21 of the best British series to stream in South Africa

Fleabag, The Crown, Line of Duty, Peaky Blinders, Downton Abbey, Gangs of London and more British series to watch online. By Bianca Coleman

Period dramas, police procedurals, espionage, murder, kidnapping, and sex and drug addiction … they are all here in our list of some of the best British series to stream.

21

CB Strike: Lethal White (Showmax)

20

Smother S1 (Showmax)

19

After Life (Netflix)

18

Little Birds (Showmax)

This adults-only British drama starring Juno Temple is set in the year 1955, when heiress Lucy Savage arrives in Tangier, coming face to face with a fiance she’s never met. She is soon captivated by an intriguing local woman and has to learn to come to grips with a barrage of culture shock.

17

Pursuit of Love (Showmax)

Set in Europe between the two World Wars, BBC miniseries The Pursuit of Love follows the adventures and misadventures of the fearless Linda Radlett and her best friend and cousin, Fanny Logan, as they seek out the ideal husband. An adaptation of Nancy Mitford’s celebrated 1945 novel, the romantic comedy-drama stars Lily James and Emily Beecham.

16

Intergalactic (Showmax)

In this Brit sci-fi, a cop is exiled to a prison colony. On the way there, her fellow convicts stage a mutiny and she has no choice but to join them on the run to a distant galaxy.

15

Gangs of London (Showmax)

When the head of London’s most powerful crime family is assassinated, the subsequent power vacuum threatens to tear the city apart as rival gangs vie for ultimate control. Starring Michelle Fairley (Game of Thrones).

14

The Capture (Showmax)

In this riveting eight-episode BBC crime thriller, a former soldier is accused of kidnapping – with damning CCTV footage to prove the crime. But as Detective Inspector Rachel Carey digs deeper, she begins to uncover a conspiracy that calls everything about the case into question.

13

The Bay (Showmax)

When detective sergeant, family liaison officer and mother of two Lisa Armstrong ends up having sex in an alleyway with a man she meets on a night out, she isn’t expecting to see him again… until he turns up as the prime suspect in the disappearance of his own kids on the very night Lisa was with him.

12

Brave New World (Showmax)

Based on Aldous Huxley’s classic 1932 novel, Brave New World imagines a utopian society that has achieved peace and stability through the prohibition of monogamy, privacy, money, family, and history itself. Brave New World carries an 18SN age restriction, with The Guardian suggesting that it should have been renamed Brave Nude World and adding, “Not since Game of Thrones have I seen so many nude scenes so happily, lavishly and gratuitously staged for our viewing pleasure.”

11

Bodyguard (Netflix)

Keeley Hawes (The Durrells) as Home Secretary Julia Montague and Richard Madden (Game of Thrones) as the bodyguard assigned for her protection lead the cast in this gripping six-part series.

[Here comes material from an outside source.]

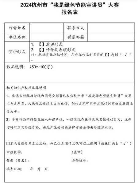 生态环境没有替代品 用之不觉,失之难存 节能低碳是时代趋势 这不仅是一种选择,更是一种责任 每一次减碳,就是对未来的一种投资 新青年,不“碳”气 为深入贯彻生态文明思想,倡导简约适度、绿色低碳的生活与工作方式,促进社会大众争做能源资源节约和生态环境保护的倡导者、行动者、示范者,充分发挥公共机构助力杭州市实现碳达峰目标的示范引领作用,由杭州市机关事务管理局、杭州市发展和改革委员会主办的“2024杭州市‘我是绿色节能宣讲员’大赛”现火热开启,诚邀您参加本次活动,一同争当低碳生活的行动者、宣传者、监督者,共同践行绿色低碳生活方式,节约能源资源,让绿色成为生活底色,让低碳成为生活习惯! 01 征集时间 2024年4月15日—2024年5月15日 02 活动主题 我是绿色节能宣讲员 03 组织单位 主办单位 杭州市机关事务管理局 杭州市发展和改革委员会 承办单位 杭州临空建投文化传媒有限公司 04 宣讲内容 以节能降碳为主题,以传播绿色发展为宗旨,以各类资源节约集约利用、绿色低碳发展、生态文明建设为重点,展现节能降碳在推动实现碳达峰碳中和目标、全面建设社会主义现代化国家、促进中华民族永续发展等方面的重要作用,小切口大展面地讲好节能故事、传播节能理念、普及节能知识,推动形成绿色低碳的社会风尚。 本次征集活动拒绝任何与党的路线、方针、政策和国家法律法规相抵触的作品;作品必须为原创,突出作品的真实性、生动性和艺术性等效果。 05 宣讲形式 演讲形式或情景剧表演形式。 06 征集要求 1、宣讲内容以视频的格式报送,作品时长控制在5分钟左右,微视频格式为MP4,影像清晰,画面质量不低于1080P,大小限制在1G以内。可根据需要制作片头、片尾,片头注明宣讲主题、宣讲人,片尾可注明出品单位、主创团队和个人,但不得添加水印标志,不得插入商业广告。 2、参赛作品必须为2024年1月以来原创的、未参赛作品,著作者拥有独立、完整著作权,参赛者提交作品时必须同时提交原创承诺书,参赛作品不得侵犯他人知识产权,一经发现存在抄袭或其他侵权行为,主办方将取消其参选资格,由此产生的相关法律责任全部由参选方承担,主办方不承担因肖像权、名誉权、隐私权、著作权、商标权等纠纷产生的法律责任。作品征集评选不收评审费、不退稿,投稿即默认允许作品在各类展示平台展示。参赛作品入围或获奖,主办方有权对入围作品在各类媒体平台播放和开发使用。 07 征集方式 参赛作品和报名表统一在2024年5月15日24:00前发送至官方征集邮箱 18058781997@163.com,并注明“2024杭州市‘我是绿色节能宣讲员’大赛投稿”,截稿时间以邮件发送时间为准,邮件标题须注明“作品名称+作者姓名+联系方式(手机号码)”。无相关资料的投稿作品,主办单位有权取消其参评资格。 08 奖项设置 演讲类: 一等奖1组 奖金3000+荣誉证书 二等奖2组 奖金2000+荣誉证书 三等奖3组 奖金1000+荣誉证书 网络人气奖 1组 奖金1000+荣誉证书 情景剧表演类: 一等奖1组 奖金4000+荣誉证书 二等奖2组 奖金3000+荣誉证书 三等奖3组 奖金2000+荣誉证书 网络人气奖 1组 奖金1000+荣誉证书 其它奖项: 最佳组织奖 1组 奖金2000+荣誉证书 入围奖若干 奖品+荣誉证书 09 评审流程 1、作品初审:主办单位将组织相关单位代表和专业人员成立专家评审委员会,对作品进行初审。专家评审委员将根据演讲内容、语言表达、演讲感染力、形象风度等维度,挑选出若干符合征集要求的作品。 2、网络投票:通过初审的作品将发布在官方指定投票平台。主办方将依据投票数评选出网络人气奖各1名。(投票通道及投票要求届时另行通知) 3、现场评比:按照网络占30%,专家占70%的比值,分别综合评定出演讲和情景剧表演前六名作品,进入决赛。决赛将采用现场评比的形式。(决赛具体时间及流程届时另行通知) 10 专家阵容 将设置5名专家评审委员,由学者、艺术家、节能专家等共同组成。 联系人:临空建投文化传媒 联系方式:0571-82110320 18058781997 中国首席商业资讯门户;更多内容请关注中国商业网各频道、栏目资讯。 免责声明:凡未注明来自本站的稿件和图片作品,系转载自其它网站,转载目的在于信息传递,并不代表本站赞同其观点和对其真实性负责 。 |

Police Sergeant David Budd is a British Army war veteran suffering from PTSD; he despises Montague’s politics, so that’s not a very good start for them. As the series unravels, the series comments on many issues regarding the controversy around government monitoring of private information and its regulation, and also on PTSD.

Bodyguard has numerous award nominations to its credit, and Madden won the Golden Globe for Best Actor – Television Series Drama. At the 71st Primetime Emmy Awards the series was nominated for Outstanding Drama Series.

10

Fleabag (Amazon Prime)

Phoebe Waller-Bridge did a one-woman stage show in 2013, and later turned it into this series in which she stars as, well, Fleabag. It’s not quite as dark as the stage production but it will definitely have you gazing inward to wonder why you are laughing at the situations she finds herself in.

Maybe because if we don’t laugh, we cry. And cry we did at the end. Fleabag is described as “a free-spirited and sexually active but angry and confused young woman in London.” Which is one way of putting it; there’s a lot more than that going on under the surface.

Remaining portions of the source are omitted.